# Zeigt her eure Kühlschränke



## LeWhopper (23. April 2011)

Der *große* Kühlschrankthreat


Sooo ich seh hier immer Threads von "Zeigt eure Zockerecken" oder "Haustiere" oder "Desktops"

Aber wie siehts bei euch eigentlich Kühlgerättechnisch (nicht nur Kühlschränke sind erlaubt) aus? (Kann man ja auch mit einem du bist was du isst kombinieren  )

Soo fangt ihr schon mal an. Bilder reich ich gleich noch nach 

Edit:

Soo hier sind Sie. Entschuldigt die schlechte Qualität aber ich hab leider nur das Handy grad zur Hand.

Normaler Kühlschrank:



			Dieser Inhalt steht nur eingeloggten Mitgliedern zur Verfügung.
        



Keller Kühlschrank: (Komischerweise verschwinden da immer Sachen raus)
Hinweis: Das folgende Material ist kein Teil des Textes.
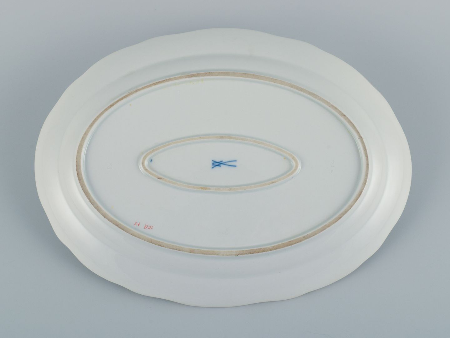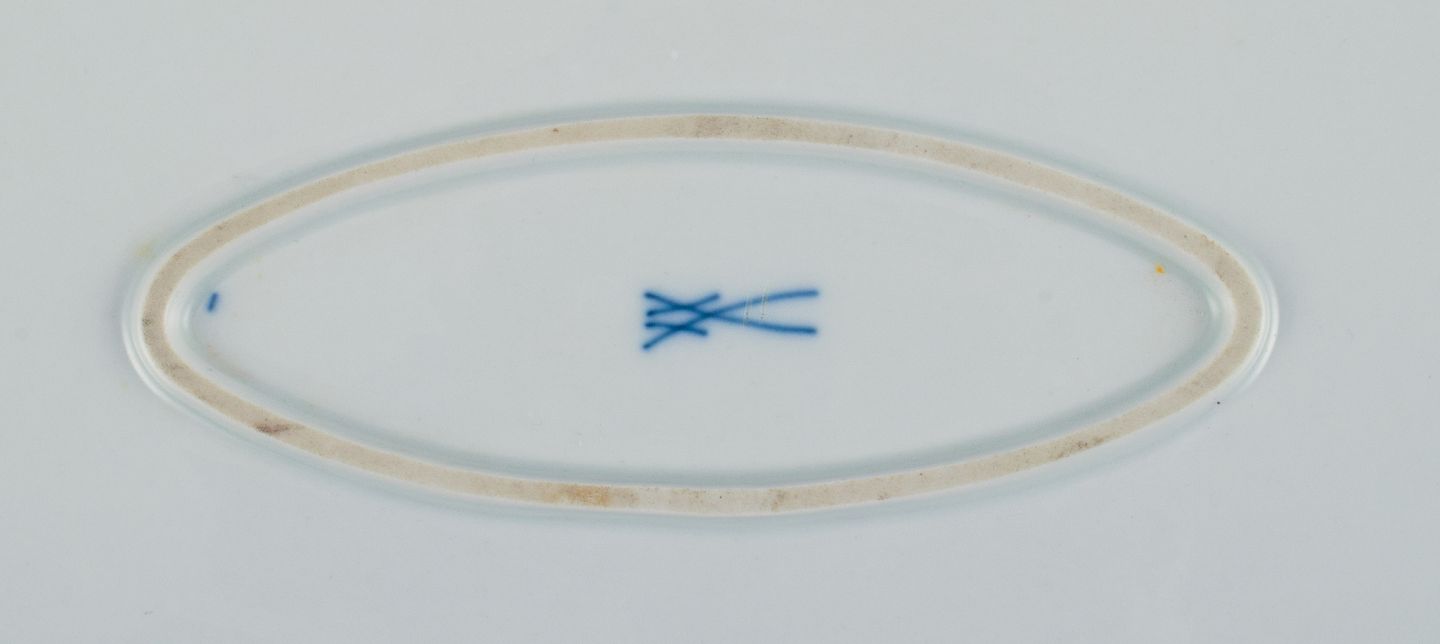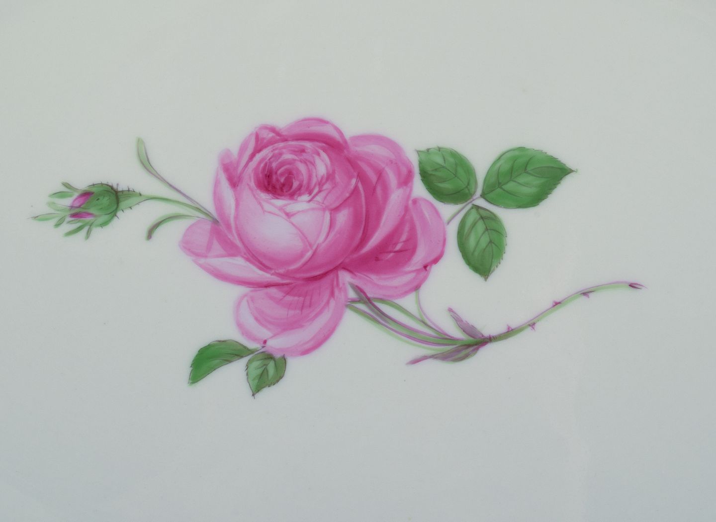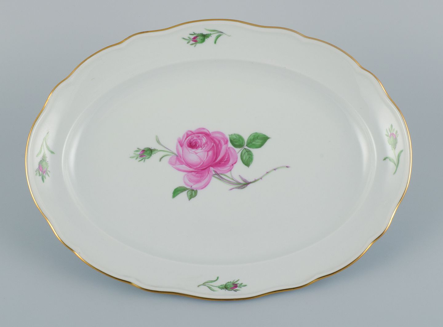 Meissen, Tyskland. Ovalt porcelænsfad dekoreret med lyserød rose.
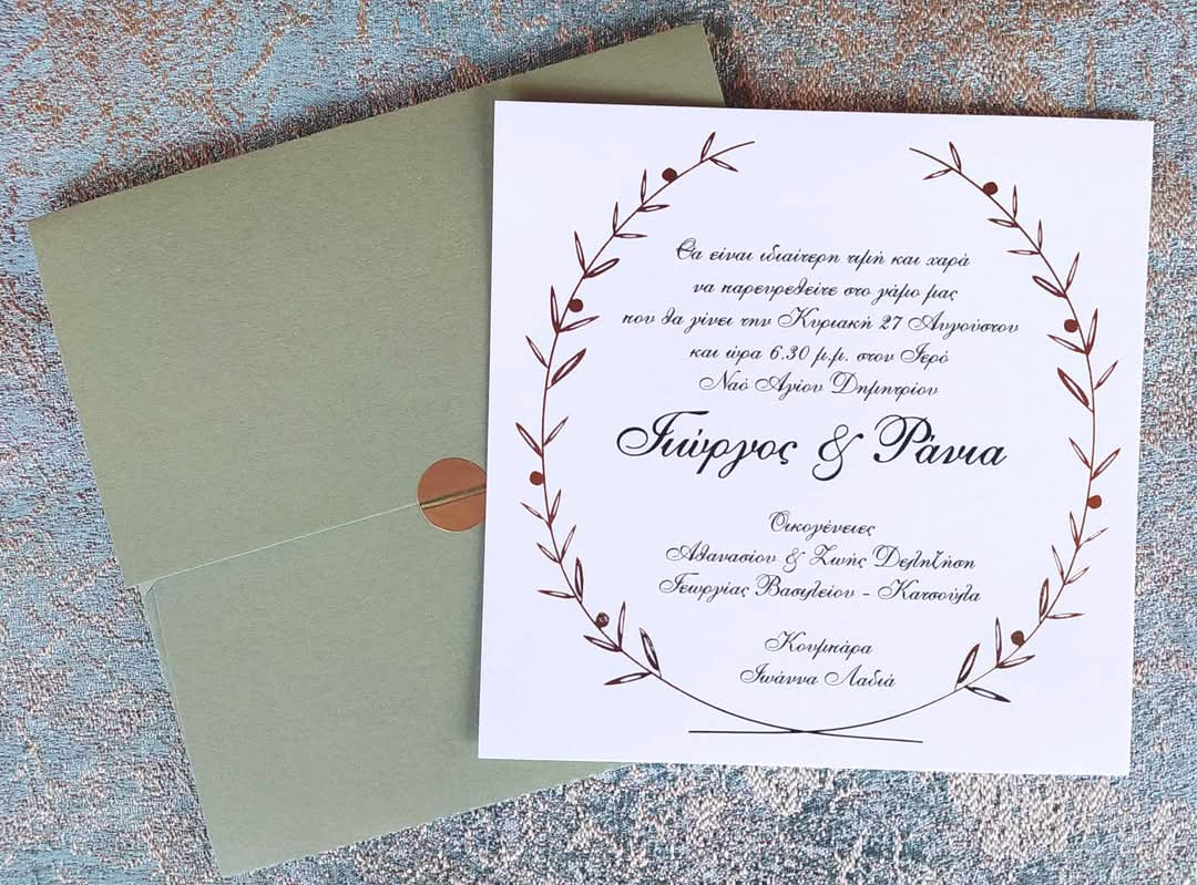 Ρομαντικό και διαχρονικό προσκλητήριο γάμου με botanical στεφάνι από κλαδιά ελιάς, που συμβολίζει την αγάπη, την ειρήνη και τη γονιμότητα. Η καθαρή λευκή κάρτα συνδυάζεται αρμονικά με φάκελο σε απαλή πράσινη απόχρωση ελιάς και στρογγυλό αυτοκόλλητο κλεισίματος σε γήινο τόνο. Ιδανική επιλογή για γάμους σε φυσικό, rustic ή boho στυλ.
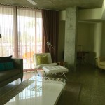 Bathrooms are wide open with sparkling celadon green tiles and huge bathtubs and showers. Located within the walk-in closet is a washer and dryer which is great for families. But see how sexy it is? It’s sleek.
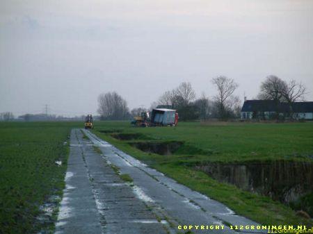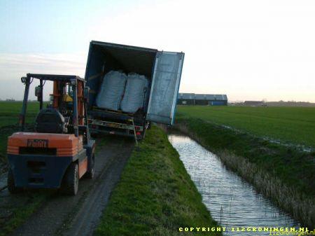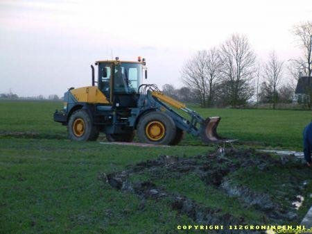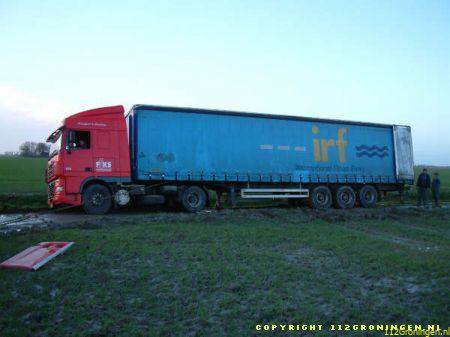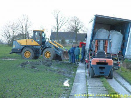 Middelstum – Vanmiddag raakte er in Oosterburen een vrachtwagen vast in de berm. De berm was door de regen veranderd in een moeras. Op eigen kracht kon de vrachtwagen niet meer uit de berm komen. Een shovel van Loonbedrijf van Dijken moest er aan te pas komen om het voertuig uit de berm te trekken. Na een half uur was de vrachtwagen uit de berm.
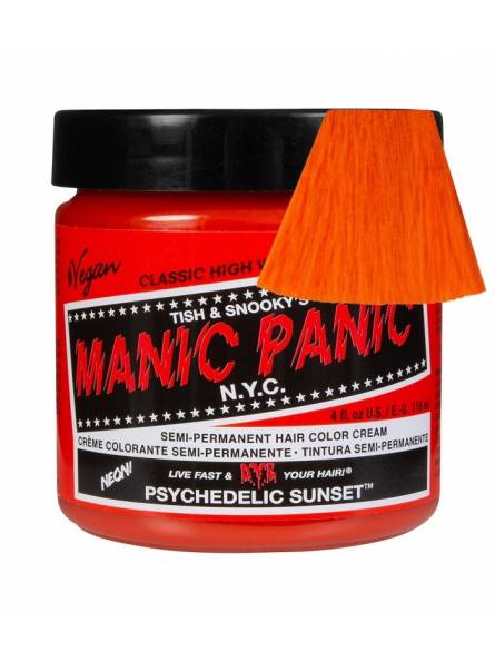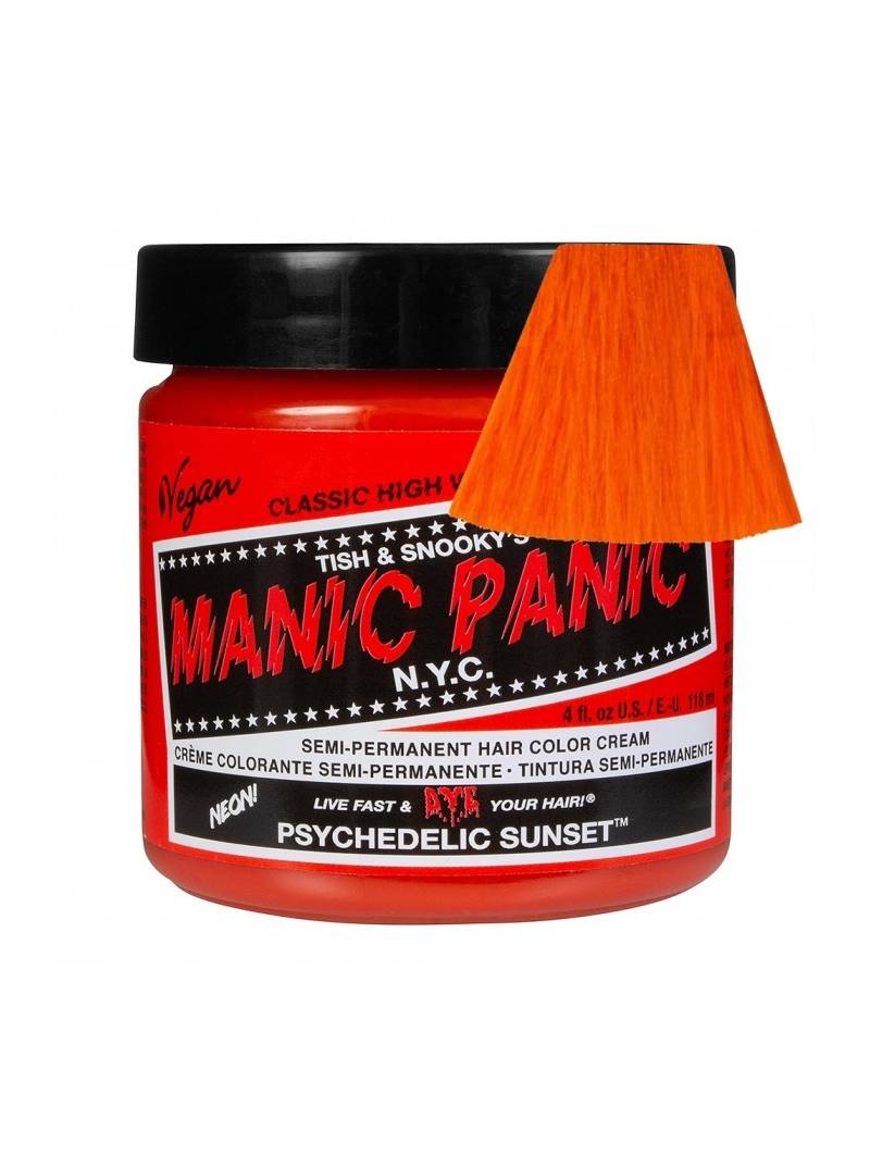 Tinte fantasía semipermanente para el pelo Manic Panic High Voltage CLASSIC, color naranja fuego PSYCHEDELIC SUNSET, formulado a base de pigmentos naturales veganos de alta calidad, sin amoniaco y libre de parabenos, gluten y de PPD. Aplicación directa sin peróxido sobre cabello seco. Contiene 118 ml. Destaca por su acabado perfecto, ya que al mismo tiempo que colorea con gran viveza e intensidad, funciona de acondicionador, nutriendo y reparando tu cabello e intensificando su brillo natural. Puedes mezclarlo con otros tintes Manic Panic (Classic o Amplified) para crear nuevos y originales colores personalizados o con el Mixer/Pastel-izer para aclarlo o conseguir tonos pasteles.

			Dieser Inhalt steht nur eingeloggten Mitgliedern zur Verfügung.


----------



## Carcharoth (23. April 2011)

Von aussen oder von innen?


----------



## LeWhopper (23. April 2011)

Carcharoth schrieb:


> Von aussen oder von innen?



Innen mit offener Tür aber Bilder lad ich jetzt hoch^^


----------



## Potpotom (23. April 2011)

LeWhopper schrieb:


> Innen mit offener Tür aber Bilder lad ich jetzt hoch^^


Innen mit geschlossener Tür hätte was... *g


----------



## LeWhopper (23. April 2011)

Potpotom schrieb:


> Innen mit geschlossener Tür hätte was... *g



Lässt sich sicher Organisieren. Mit Selbstauslöser vielleicht oder wenn er Durchsichtig ist.


----------



## Carcharoth (23. April 2011)

Erinnert n bisschen an 241543903


----------



## Konov (23. April 2011)

Die Dosen-Regimenter an Dr. Pepper Cola im Kellerkühlschrank gefallen mir


----------



## Bloodletting (23. April 2011)

3 Dosen Thunfisch. <3




			Dieser Inhalt steht nur eingeloggten Mitgliedern zur Verfügung.


----------



## Potpotom (24. April 2011)

Sachtma.... hungert ihr? Die sind ja alle leer.


----------



## Sam_Fischer (24. April 2011)

Das ist halt richtiger Männer Kühlschrank, nur das nötigste drin. (Bier)


----------



## H2OTest (24. April 2011)

Schonmal 2 positive Aspekte  V+E und Mountain Dew


----------



## Konov (24. April 2011)

Potpotom schrieb:


> Sachtma.... hungert ihr? Die sind ja alle leer.



Genau das ist der Grund warum ich meinen hier nicht posten werde, weil da auch nicht wirklich was drin ist...


----------



## yves1993 (24. April 2011)

Carcharoth schrieb:


> Erinnert n bisschen an 241543903



WoW er kennt sogar das Meme... :>

Dann Contriboote ich ma...






			Dieser Inhalt steht nur eingeloggten Mitgliedern zur Verfügung.
        






			Dieser Inhalt steht nur eingeloggten Mitgliedern zur Verfügung.


----------



## Carcharoth (24. April 2011)

yves1993 schrieb:


> WoW er kennt sogar das Meme... :>



Als Mod muss man das. Sonst wissen wir nich was für Schabernack ihr treibt ;D


----------



## Bloodletting (24. April 2011)

Potpotom schrieb:


> Sachtma.... hungert ihr? Die sind ja alle leer.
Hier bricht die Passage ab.